Ancient art of cameos featured at shop

Delectable Collectables owner Monica Fowler, shows some of her larger cameos of more than a thousand she has in her shop in Micanopy, Fla. Saturday March 9, 2013.

Jon Singley / Ocala Star-Banner
Published: Thursday, March 14, 2013 at 11:45 a.m.
Last Modified: Thursday, March 14, 2013 at 11:45 a.m.

MICANOPY—If art is something folks are seeking along with spring blooms and soft breezes, it’s easy enough to find some, especially this time of the year.


Delectable Collectables owner Monica Fowler, shows some of her larger cameos of more than a thousand she has in her shop in Micanopy, Fla. Saturday March 9, 2013.

Jon Singley / Ocala Star-Banner

In Micanopy, where visitors can find oil paintings, pottery, wood-turned bowls and stained glass, one shop features more than 1,000 finely carved and mounted cameos, a type of art that began in about the 6th century B.C, when Roman emperors wore them at ceremonial functions and used them for dipping into wax and pressing onto correspondence as a seal.

“I bought my first cameo when I was in my mid-20s at an antique show and just fell in love with the whole medium, the whole bas relief sculpture. I started doing research on them, and they became a real passion,” said Monica Beth Fowler, owner of Delectable Collectables.

Bas relief, or art in which figures project slightly from a flat background, holds a certain fascination for many people, said Rob Thomas, the owner of Cottage Antiques just down the street.

“Monica has the most cameos and knows the most about it. But I do have a few cameos in my shop, ones that I like and picked up at the shows I’ve been to,” Thomas said.

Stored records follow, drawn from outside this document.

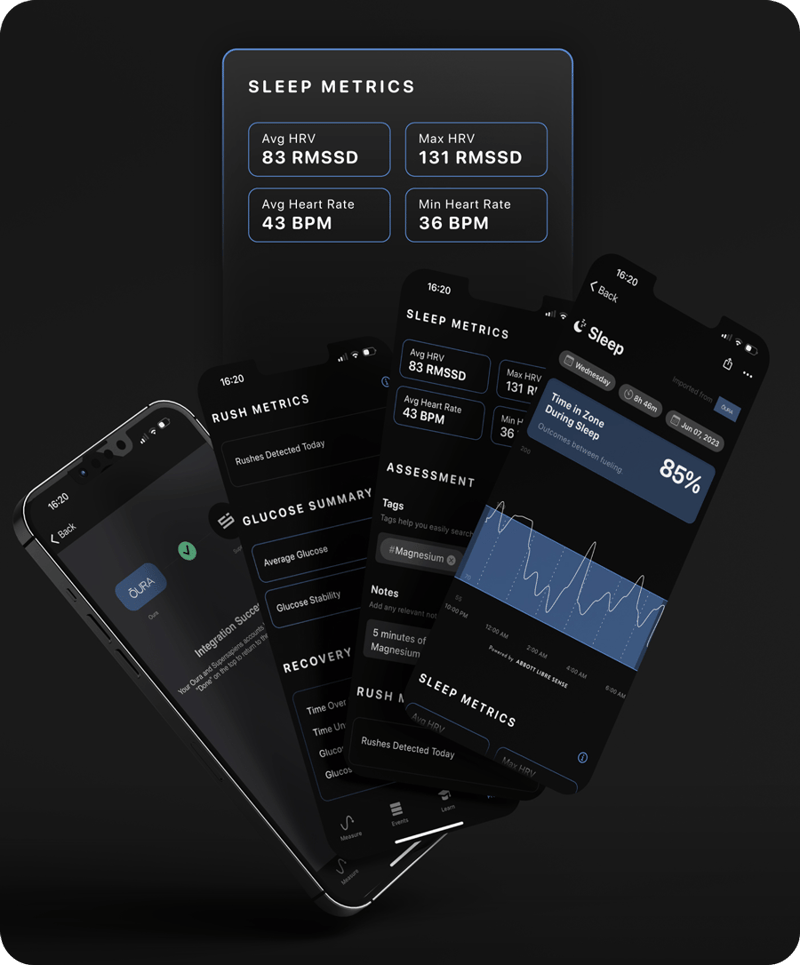 This may be a good warning sign for those prone to underfueling their training or may serve as a secondary marker with others such as resting heart rate and HRV to indicate recovery status. This relationship is one that is too early to speculate on, but very exciting and part of the driver for Supersapiens to integrate with Oura.
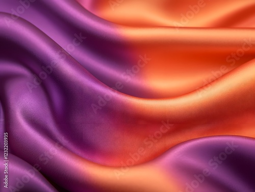 Fototapeta premium Sunset Silk Drape: Luxurious silk fabric in a vibrant ombre blend of purple and orange, creating a dramatic and elegant swirl of color and texture.
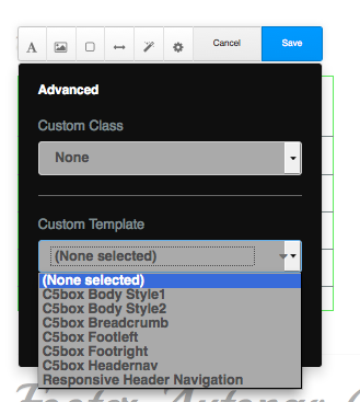 This should open up another set of icons that will help you customize the autonav block. Click on the cog icon and you should see a select box for custom templates. Here, you can choose the appropriate custom block for your autonav block. For more information about the autonav blocks click here : Autonav Custom Templates
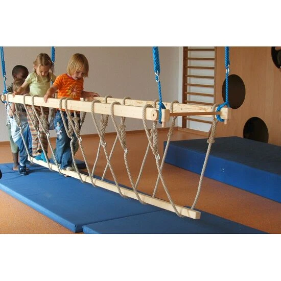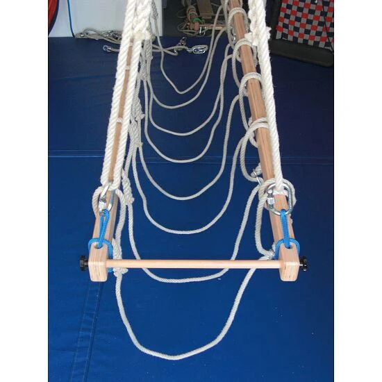 - Komplett mit Laufhölzern, Querleisten, Langsteg, Trittplatten und 4 verstellbaren Aufhängeseilen à 150 cm
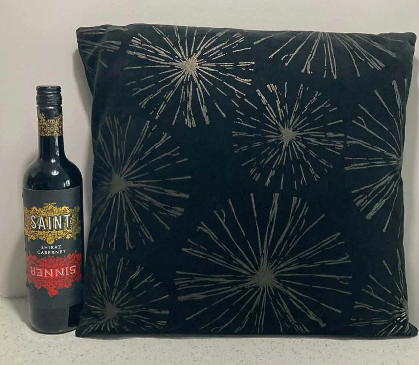This pillow features a black base with a striking silver dandelion-like pattern. It's a lovely accent for any sofa or armchair, adding a touch of modern flair. The fabric appears to be a soft velvet or velour material. Wine for sizing only
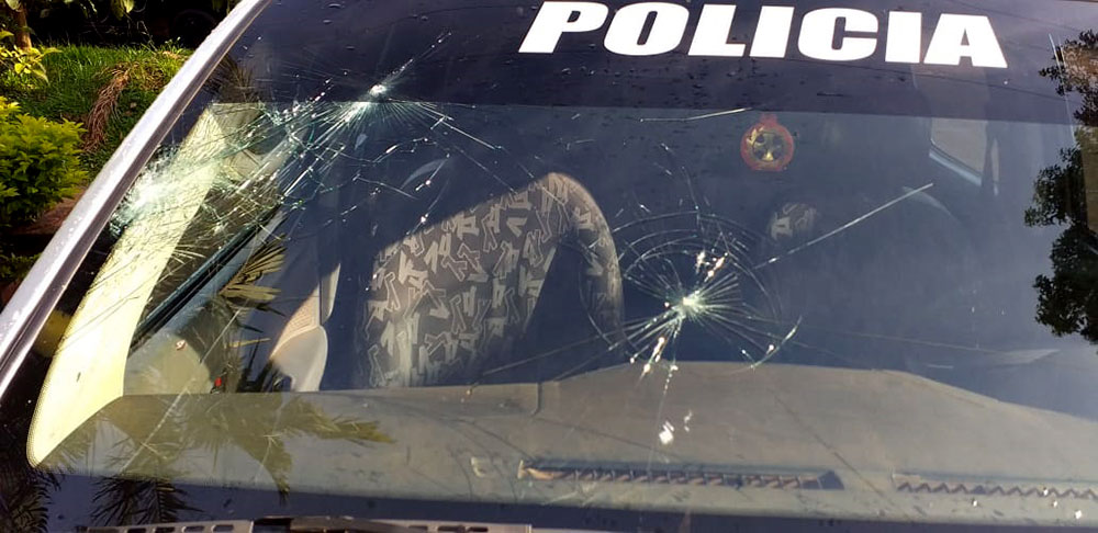 Sin embargo, cuando los policías se retiraban del lugar fueron atacados por un grupo de personas que estaban en la fiesta quienes les arrojaron botellas y piedras.
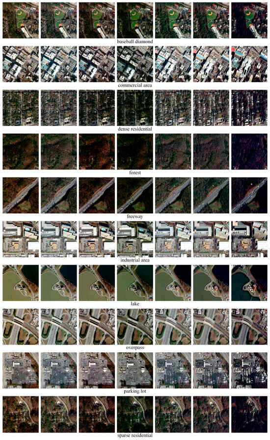 For each category, seven typical observation angles of the same scene area are presented as example images of the dataset in Figure 1. Different categories of scenes exhibit visual differences under various viewing angles, which can be categorized based on the prominence of geometric distortions, shadow variations, and the visibility of object sides. Specifically, these visual differences manifest through the extent of shadow area changes as off-nadir angle increases, the degree to which lateral surfaces of elevated structures become visible, and the level of occlusion and perspective distortion affecting ground objects. Scene categories with tall buildings, such as commercial areas and industrial areas, show greater visual differences across large and small off-nadir images. In these categories, large off-nadir angles produce substantially more pronounced shadow areas, expose multiple building facades that are invisible in nadir views, and introduce significant perspective foreshortening. These angular-dependent changes provide rich geometric cues but also increase classification difficulty due to appearance variability. In contrast, scene categories with simple combinations of ground objects having minimal height differences from surrounding objects or terrain, such as freeways, usually exhibit minimal visual differences across various off-nadir images.
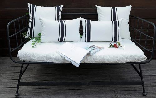Pourquoi ne pas opter pour nos housses de coussins blancs à rayures noires imperméables ?
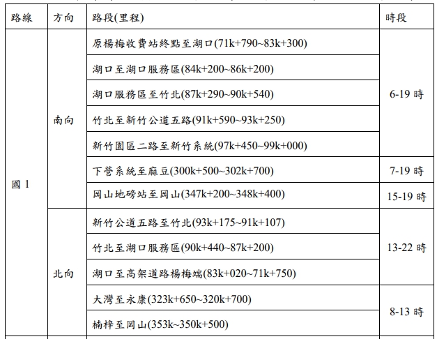 ►13至18時,實施國1高雄端至湖口、國3九如至大溪路段,各交流道之北向入口匝道高乘載管制。
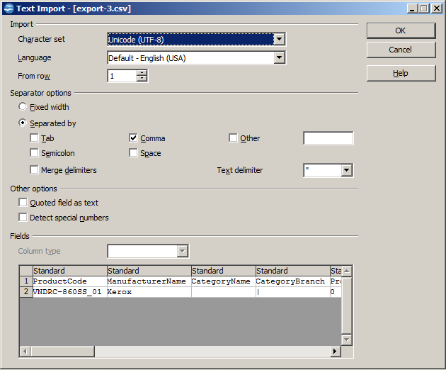 ProductCode - SKU number for the product. This value must be unique because Summer Cart is using this field to identify for which product you will import data. This is the only one filed which is required in the import file.
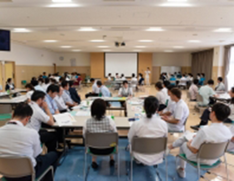 先月、当院大ホールにて職場防災係訓練を行いました。 この訓練は、各職場より防災係が集まり、災害時に備え職場ごとのBCPの策定を進めるものです。 ※BCPとはBusiness Continuity Plan(事業継続計画)といい、非常時に企業が中核業務を再開・復旧するための非常事態マニュアルです。 机上訓練では、昨年策定したBCPを元に各職場が業務内容を整理し、想定される問題についての対応方法を検討しました。そこで浮かび上がった課題について他職場から意見をもらい、より有用なBCPの策定に作り上げました。 訓練の後半には、院内各所にある防災設備を見て回りました。 誘導灯の
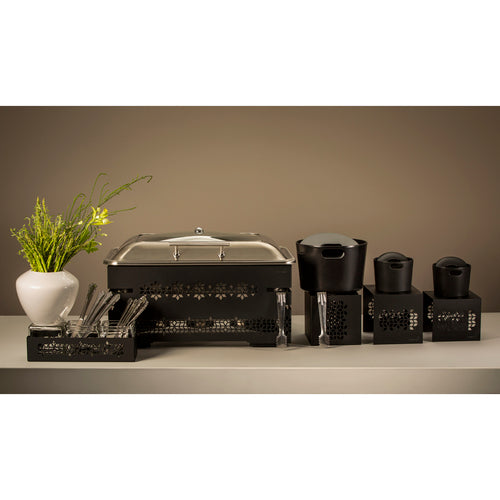 Mosaic Multi-Chef™ Warmer, 21-5/8" x 13-5/8" x 10", rectangular, includes 2-height reversible burner stand & (3) fuel holders, stamped steel with black matte finish, Made in USA
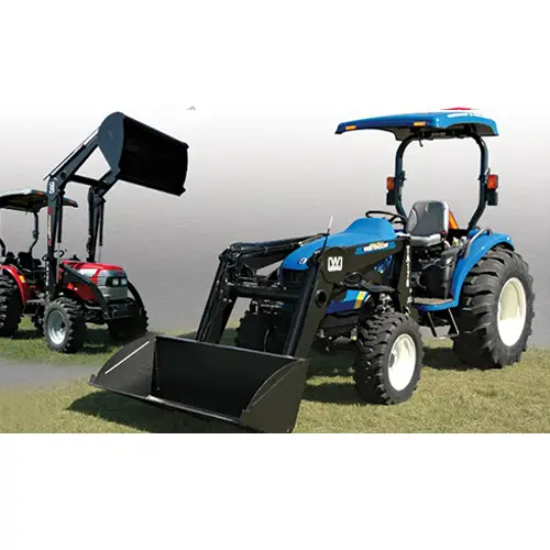 This mid-sized, high-strength loader has a great profile. It has a custom tower, raised to accommodate increased turning ability in tractors such as the Ford/New Holland Super Steer line. For the everyday heavy user or contractor. Extra features give it a professional feel & performance, great profile, bucket linkage, tapered bucket, reinforced arms and in-line valve with precision joystick. Fits 2WD tractors from 20 to 70 HP and 4WD tractors from 20 to 65 HP.
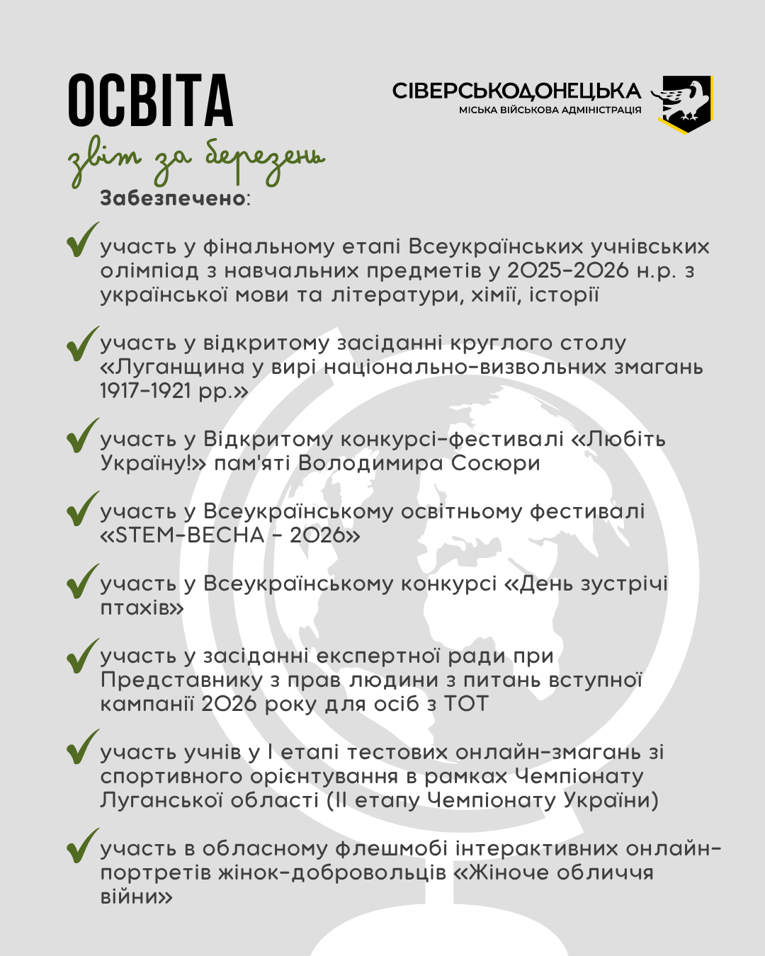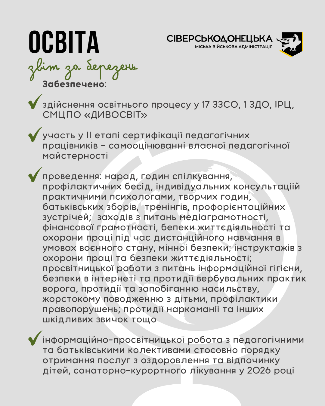 Інформуємо про проведену роботу та проведені заходи за березень 2026 року
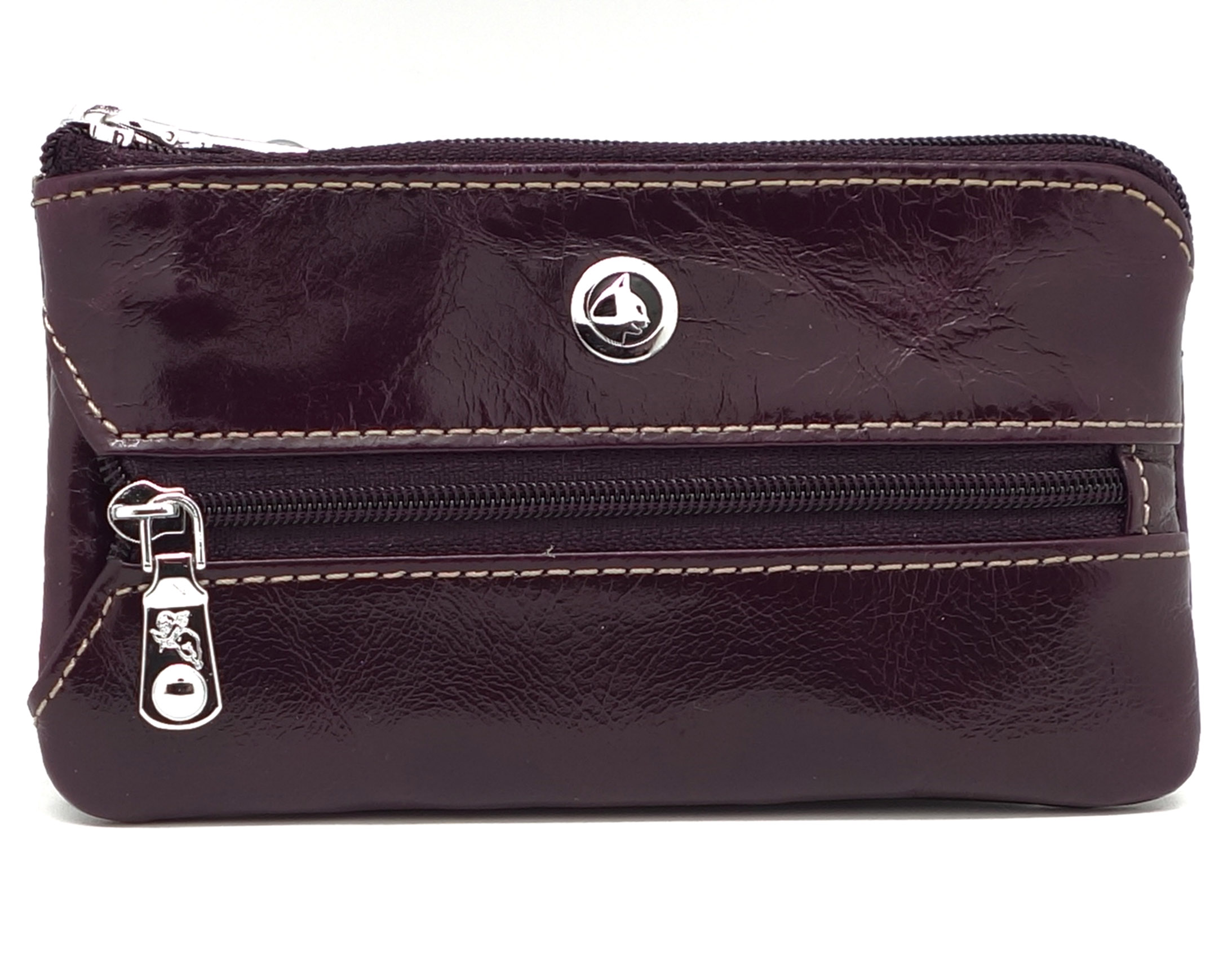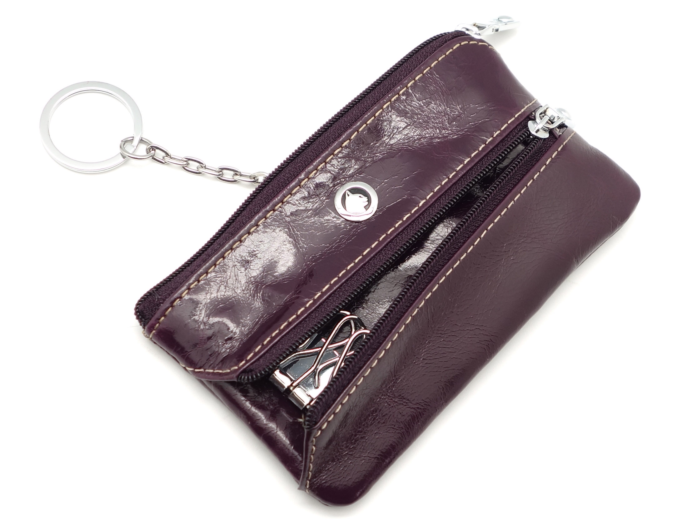Размер 13,5 х 7,5 см. На лицевой стороне расположен карман на молнии с шестью крючками для ключей, на оборотной- кармашек на молнии для мелких предметов. Центральное отделение также закрывается на молнию, внутри металлическая цепочка с кольцом.
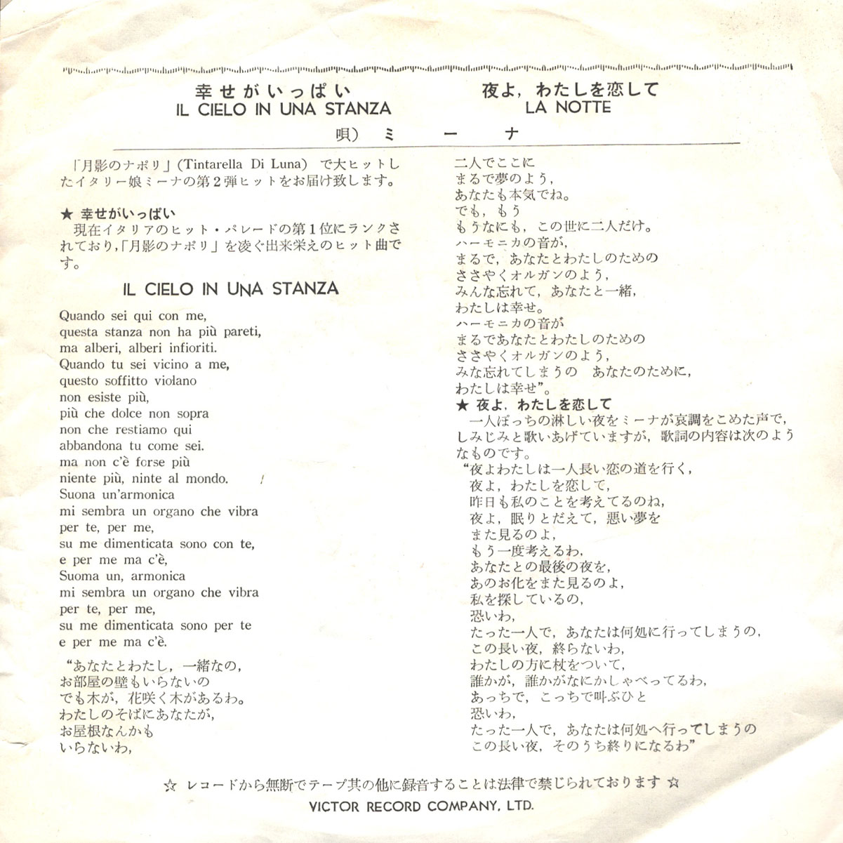"Il Cielo in Una Stanza" - сингл итальянской певицы Мины, выпущенный в 1960 году. Релиз содержит два трека - "Il Cielo In Una Stanza" и "La Notte". "Il cielo in una stanza" - песня, написанная Джино Паоли и первоначально записанная итальянской певицей Миной для одноименного альбома. Она имела коммерческий успех в Италии, возглавляя чарты одиннадцать недель подряд, а затем вернувшись на первое место еще на три недели. Это также самый продаваемый сингл Мины в Италии, с предполагаемыми продажами в 400 000 экземпляров и более 8 миллионов по всему миру.
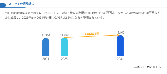 スイッチの切り離し市場は電力インフラの維持・更新需要、産業プラントの安全基準強化、及び分散型電源や再生可能エネルギーの導入拡大を背景に安定的な需要基盤を保持しています。基礎データとしては、2024年の世界市場規模が11,330百万米ドルに位置しており、この基点をもとに2025年から2031年の年平均成長率を2.5%と仮定すると、2031年には市場規模が13,100百万米ドル程度に達する見通しとなります。この緩やかな成長率は市場の成熟度を反映しているものの、既存設備の更新需要と安全基準強化による置換需要が持続的な需要を支える要因となっています。

Fowler recently attended an antique show in West Palm Beach to show and sell cameos and exchange information with other vendors. The more one learns about the ancient craft, the more fascinating cameos become, she said.

“Cameos are a southern-coastal Italian phenomena, with the materials used to make them found within and around the Mediterranean Ocean. These materials would be conch shell, coral, lava and hard stone from the banks. That’s why you don’t see a lot of ivory cameos, because ivory was not really an available medium,” Fowler said.

Conch shell, when carved, would be creamy on the raised portions and then a rich bronze-brown on the lower layers. Sometimes artists reversed this process, turning the shell and carving it so the colored portion became the raised area and more a part of the design, and the creamy area became the background.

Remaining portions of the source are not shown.